Attempts to “cope with” the assumption that P does not equal NP “help us develop new mental technologies,” says Richard Lipton, a computer scientist at Georgia Tech who studies the P versus NP problem. “Even though we’ve been writing algorithms for decades, we don’t fully understand what they’re capable of,” he continues. “So even if you proved that P does not equal NP–something that everyone already believes–it would have to radically expand our understanding of those capabilities, and make many new things possible with computers, in addition to all the clever workarounds we’ve already found.”

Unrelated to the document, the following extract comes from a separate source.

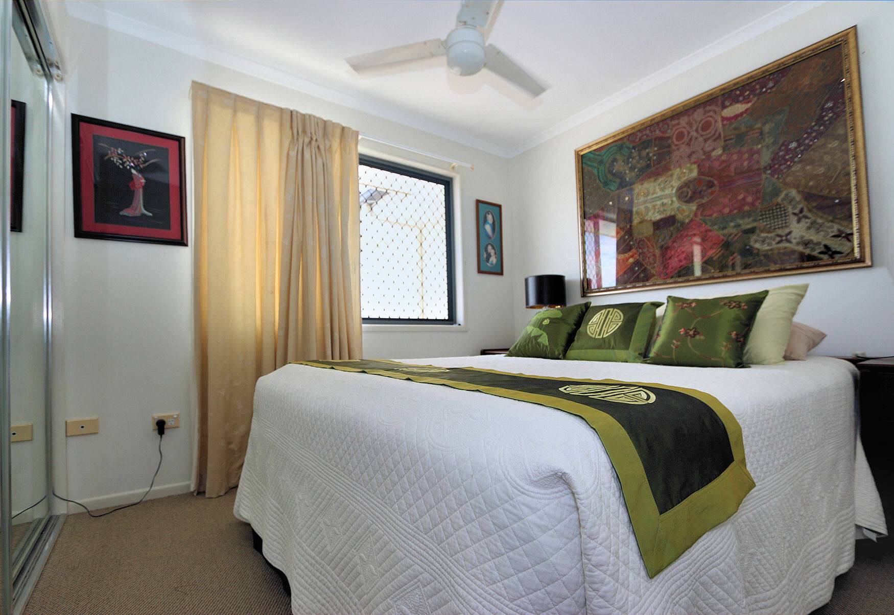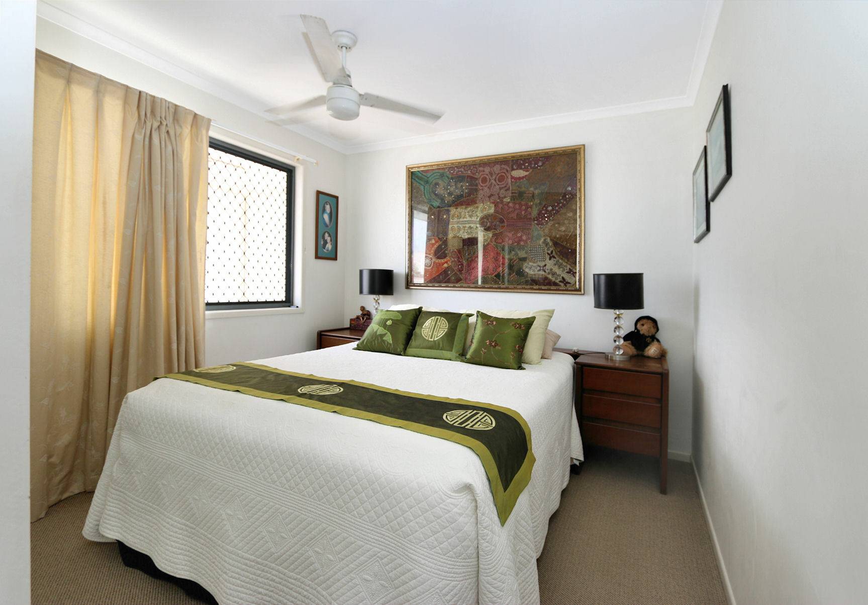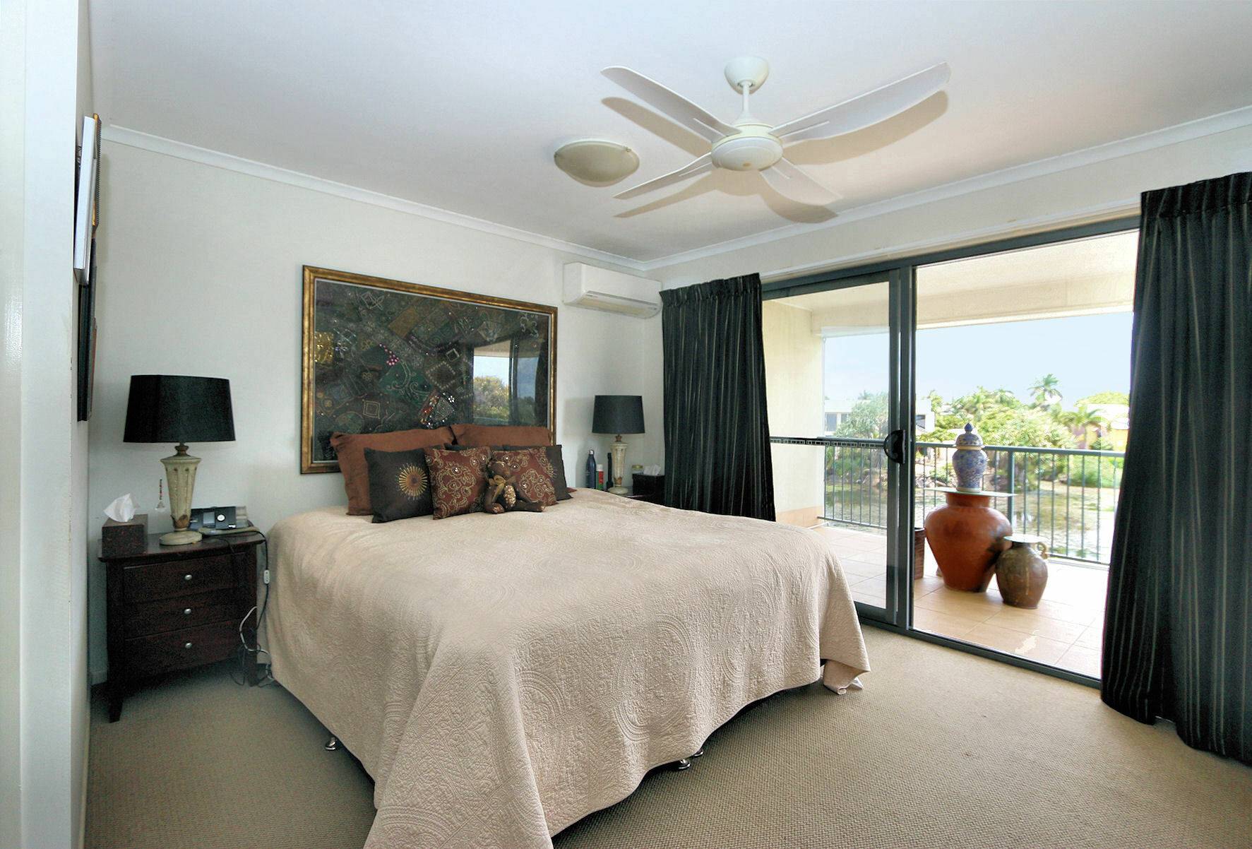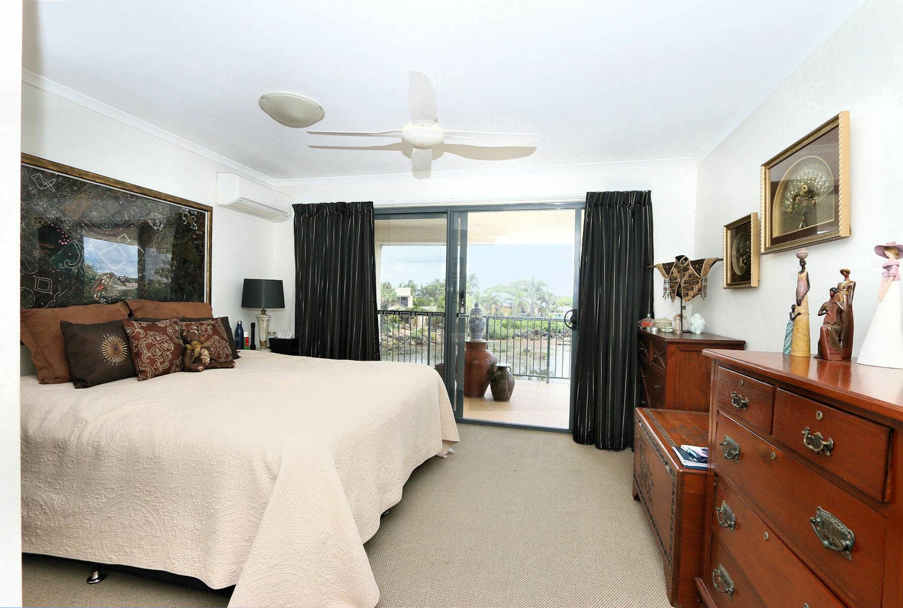 • 3 Bedrooms: The master bedroom boasts a spacious private balcony overlooking a picturesque lake, complete with a walk-in robe, en-suite bathroom, and air conditioning. All bedrooms offer generous proportions and serene garden views.

So if incremental progress can still generate useful innovation, why aren’t titans of industrial research like Google, Microsoft, and HP (all of whom declined to comment for this article) devoting huge teams of researchers to the P does not equal NP puzzle? “Proving a negative is just incredibly hard, and from [a large company’s] point of view, it probably doesn’t have much impact on the next financial quarter or even the next few years of their business,” says Lipton. “It’s more of a long-term issue.”

Of course, there’s always the alternative: proving that P does in fact equal NP. But don’t hold your breath, says Aaronson. “There are good reasons why very few people believe that P equals NP,” he says. “If it did, we’d be living in a fundamentally different universe, and we’d probably have noticed by now.”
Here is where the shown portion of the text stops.